Return the stretch from the line with "名前を呼ばれ前に出ると、ちょ" through the line with "Fastest Growth Coin" in the data below, character for character, skipping all pictures.

Segment Start: Task inputs

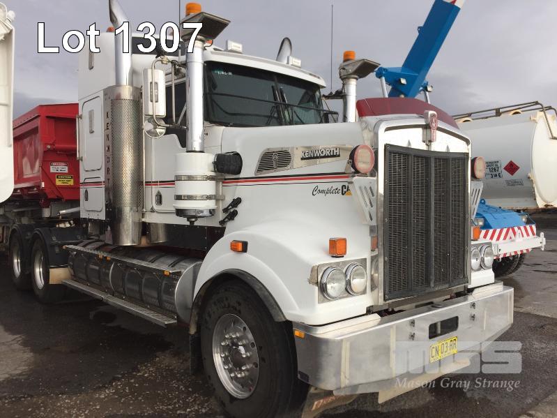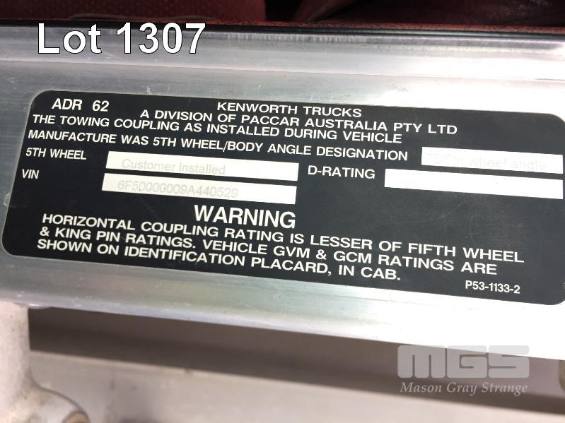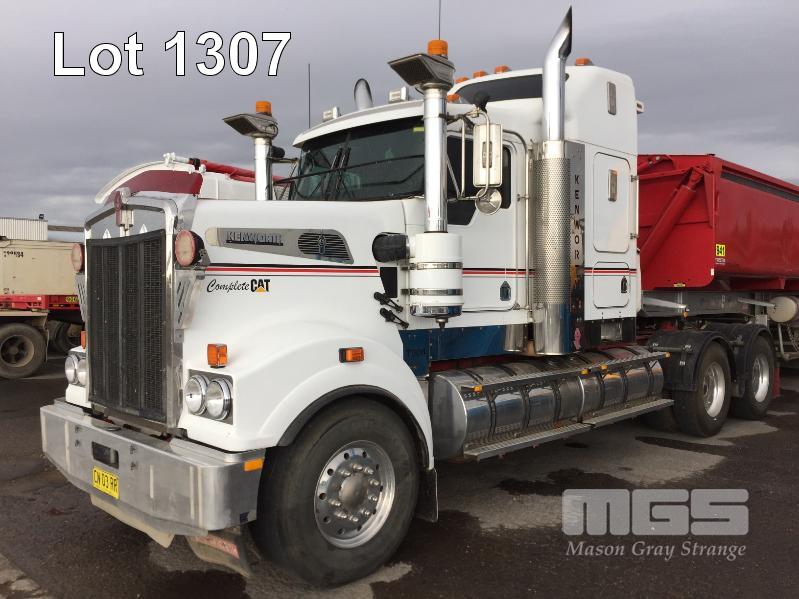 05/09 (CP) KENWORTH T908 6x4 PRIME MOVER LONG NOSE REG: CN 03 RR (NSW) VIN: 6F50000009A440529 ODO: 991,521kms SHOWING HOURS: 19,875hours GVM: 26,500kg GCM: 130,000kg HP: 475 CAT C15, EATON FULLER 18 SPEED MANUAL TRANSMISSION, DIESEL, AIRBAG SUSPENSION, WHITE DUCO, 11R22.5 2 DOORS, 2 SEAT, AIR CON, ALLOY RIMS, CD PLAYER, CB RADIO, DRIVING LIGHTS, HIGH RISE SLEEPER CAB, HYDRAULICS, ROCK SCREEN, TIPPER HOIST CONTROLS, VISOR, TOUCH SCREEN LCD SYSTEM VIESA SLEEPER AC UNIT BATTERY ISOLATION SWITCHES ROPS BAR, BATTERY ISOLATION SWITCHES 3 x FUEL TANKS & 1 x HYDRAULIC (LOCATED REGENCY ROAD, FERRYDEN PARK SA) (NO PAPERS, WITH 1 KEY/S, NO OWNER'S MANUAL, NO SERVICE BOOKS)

Segment End: Task inputs
Segment Start: Task inputs

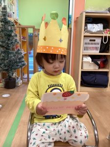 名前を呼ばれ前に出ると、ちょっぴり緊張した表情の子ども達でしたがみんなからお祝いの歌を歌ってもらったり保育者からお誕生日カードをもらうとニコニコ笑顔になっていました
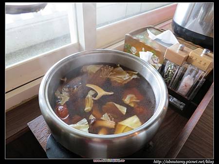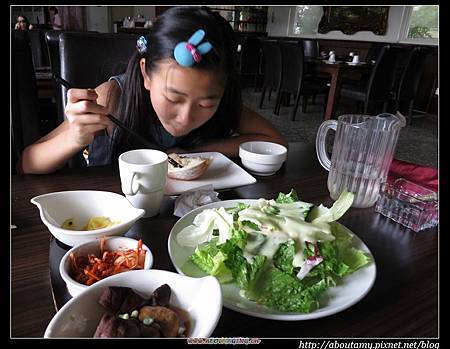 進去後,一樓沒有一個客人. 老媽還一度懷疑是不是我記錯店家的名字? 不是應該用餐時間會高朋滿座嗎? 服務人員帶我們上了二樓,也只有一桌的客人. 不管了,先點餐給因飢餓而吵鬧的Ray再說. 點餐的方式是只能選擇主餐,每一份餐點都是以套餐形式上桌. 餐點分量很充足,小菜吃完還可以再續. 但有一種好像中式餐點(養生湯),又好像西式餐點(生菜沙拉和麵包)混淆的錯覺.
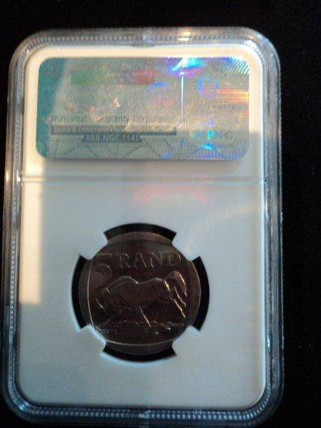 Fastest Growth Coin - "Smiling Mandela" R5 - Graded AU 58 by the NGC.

Segment End: Task inputs

Answer box ->
 名前を呼ばれ前に出ると、ちょっぴり緊張した表情の子ども達でしたがみんなからお祝いの歌を歌ってもらったり保育者からお誕生日カードをもらうとニコニコ笑顔になっていました
 進去後,一樓沒有一個客人. 老媽還一度懷疑是不是我記錯店家的名字? 不是應該用餐時間會高朋滿座嗎? 服務人員帶我們上了二樓,也只有一桌的客人. 不管了,先點餐給因飢餓而吵鬧的Ray再說. 點餐的方式是只能選擇主餐,每一份餐點都是以套餐形式上桌. 餐點分量很充足,小菜吃完還可以再續. 但有一種好像中式餐點(養生湯),又好像西式餐點(生菜沙拉和麵包)混淆的錯覺.
 Fastest Growth Coin - "Smiling Mandela" R5 - Graded AU 58 by the NGC.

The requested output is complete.